Mapping the HDAg-interacting region in
B23. Panel A, the in vitro translated,
[35S]Met-labeled B23 variants used for in
vitro pull-down assay. The 35S-labeled COOH-terminal
truncated variants of B23 (lanes 1-4) (5 µl each)
prepared by TNT reactions (Promega) were analyzed by SDS-PAGE and
autoradiography (see "Experimental Procedures"). The B23 variants
were designated by their amino acid residues. Panels B-D,
binding analysis of GST-HDAg fusion proteins and in vitro
translated B23 variants. Glutathione-Sepharose beads (20 µl) prebound
with GST (panel B), GST-DAg (panel C), or GST-dAg
(panel D) (5 µg each) were incubated with the in
vitro translated B23 variants as indicated (5 µl), and proteins
bound on the beads were eluted with sampling buffer and analyzed by
SDS-PAGE and autoradiography (see "Experimental Procedures").
|
|
HDAg Forms a Large Complex with B23 in Vivo--
In the nucleolus,
the protein B23 is expected to be largely in the hexameric form with a
molecular mass of 230-255 kDa (44). Since B23 can associate with a
wide spectrum of cellular factors, it was necessary to investigate the
status of in vivo complex formation between these two
nuclear proteins. To this end, the sedimentation behavior of B23 and
HDAg in the nuclear fractions of both types of HDAg-producing cells was
examined using the sucrose gradient centrifugation. As shown in Fig.

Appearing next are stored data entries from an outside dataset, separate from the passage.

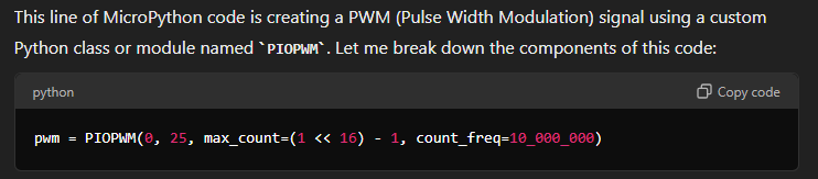 This code creates a PWM signal on GPIO pin 25 using the PIO (Programmable Input/Output) feature. The signal is generated by a 16-bit counter that counts up to 65535, and the counting is done at a frequency of 10 MHz. The PIOPWM class likely abstracts the low-level details of generating PWM signals using the PIO state machines available in some microcontrollers like the RP2040 (found in the Raspberry Pi Pico).
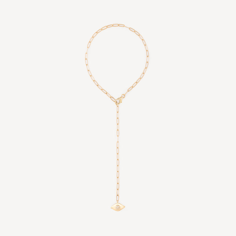 This 18ct yellow gold anklet is adorned with an "evil eye" pendant encrusted with white diamonds. Add an elegant, protective touch to your look with this refined piece of jewelry.
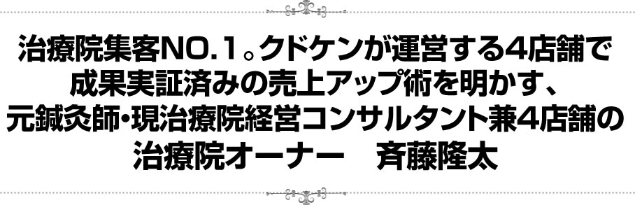 今回ご紹介するノウハウは、クドケンが売上アップに導いた店舗経営のノウハウに加えて、日本一の治療院専門ホームページ会社として培ってきたノウハウを惜しみなく公開しているためです。
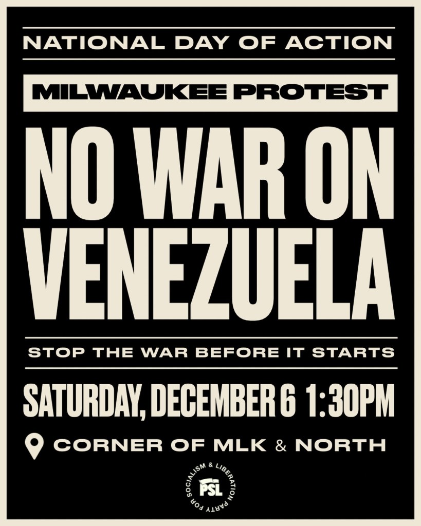 Categories Uncategorized Milwaukee, December 6, 2025: No U.S. War On Venezuela! – Money for People’s Needs Not Endless Wars! – Feed the People Not the Pentagon! Post author By WiBOPM Post date December 2, 2025 MLK and North Avenue, Milwaukee, WI – 1:30 P.M. For news, analysis and background: https://orinocotribune.com/ Madison October 30, 2025. / Photo: Wisconsin Bail Out The People Movement Share this: Click to share on X (Opens in new window) X Click to share on Facebook (Opens in new window) Facebook Like Loading... Related ← Milwaukee4Palestine Volunteer Spotlight for WI BOPM → The Revolution Will Not Be Terrorized
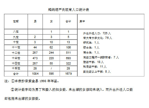 一、鷓鴣塘村和嚴(yán)氏現(xiàn)有人口概況
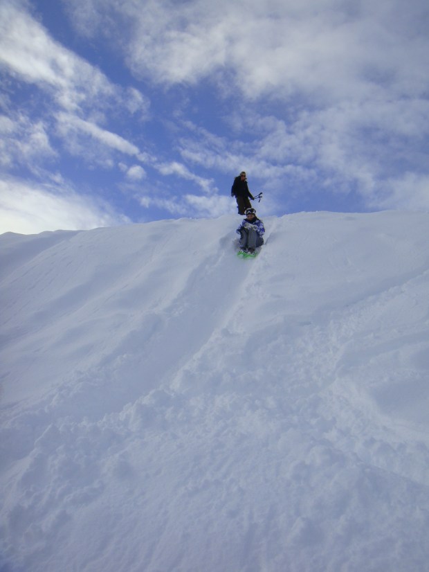 Les toboggans géants sont au programme (cf diaporama). Environ 200 mètre de glisse sur les fesses! N’ayez crainte, la neige absorbe très bien les chocs, comme dans du coton! Les adultes et surtout les enfants se feront une joie de découvrir la glisse en raquettes.
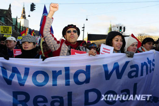 12月12日,在丹麥首都哥本哈根,游行者向聯(lián)合國氣候變化大會會場貝拉會展中心進發(fā)。新華社記者曾毅攝
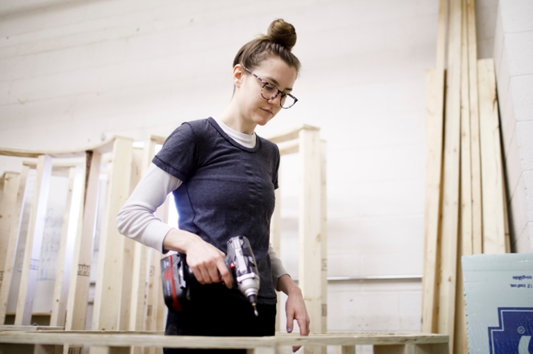 But as she plugged away at her project, Schild was thankful for the new experience to work in a way she isn’t familiar, or always comfortable, with. “I’m not super savvy in the woodshed or metal shops, so I’ve learned a lot,” she said. “And Melanie has gone above and beyond for this class, helping us get what we need and being accepting and encouraging of us while also pushing us when needed.”
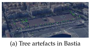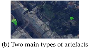 Density holds potential for vegetation detection in meshes with varying resolutions. Due to time constraints, it was not however possible to effectively include it in the final proposal. Vegetation processing for artefact removal is usually rather specific, therefore a better performing vegetation detection in the primary clustering via MRF step is important to efficiently distinguish ground, buildings and trees. In order to improve object detection, using available and accurate elevation data could allow to perform watershed without requiring texture based constraints. Finally, in general, constituting ground-truths for supervised approach or simply performance evaluation could be of great benefit.

7A, the nuclear B23 in all the
cell lines examined, including L10, S7 cells, and the parental HepG2
(G2) cells, sedimented in two predominant peaks at fractions 5-8 (peak
I) and fractions 15-17 (peak II). Based on the sedimentation profiles
of two standard proteins, catalase (fraction 7, 232 kDa) and
thyroglobulin (fraction 10, 699 kDa), it seems that the nuclear B23 is
either present as a hexameric form (peak I, molecular mass 230 kDa) or
associated with other cellular components (peak II). Intriguingly, the
small HDAg in HDAg-producing S7 cells co-sedimented with the peak II
complex of B23, while in the large HDAg-producing L10 cells, HDAg was distributed more broadly from fraction 12 to 17 and peaked at fractions
12-14. Thus, large HDAg was only partially superimposed with the B23
profiles at peak II. This reflects a partial separation of the large
HDAg from a B23-associated complex. Notably, the small HDAg in S7 cells
also appeared as a minor species at fraction 13, unassociated with B23.
These results strongly suggest that unlike the case of large HDAg, the
cellular small HDAg predominantly co-sedimented with a high molecular
weight form of B23 in vivo. Additionally, when considering
that both HDAg and B23 can associate with another nucleolar protein
nucleolin (29, 49), it was important to examine the status of nucleolin
in the sucrose gradient centrifugation. Our results indicated that
apart from its monomeric form (~100 kDa) which appeared at fractions
4-6, about half the population of nucleolin co-sedimented with B23 and
HDAg at fractions 15-17 (Fig. 7A). Co-immunoprecipitation
indicated that the co-sedimentation of these three nucleolar proteins
(HDAg, B23, and nucleolin) at fractions 15-17 of sucrose gradients of
L10 or S7 cells is not coincidental because both B23 and nucleolin in
these two HDAg-expressing cells, but not in the control cells, were
co-immunoprecipitated by anti-HDAg antibody (Fig. 7B, lanes
2-4 and 6-8). This supports the notion that both
forms of HDAg form a large complex with B23 and nucleolin in
vivo.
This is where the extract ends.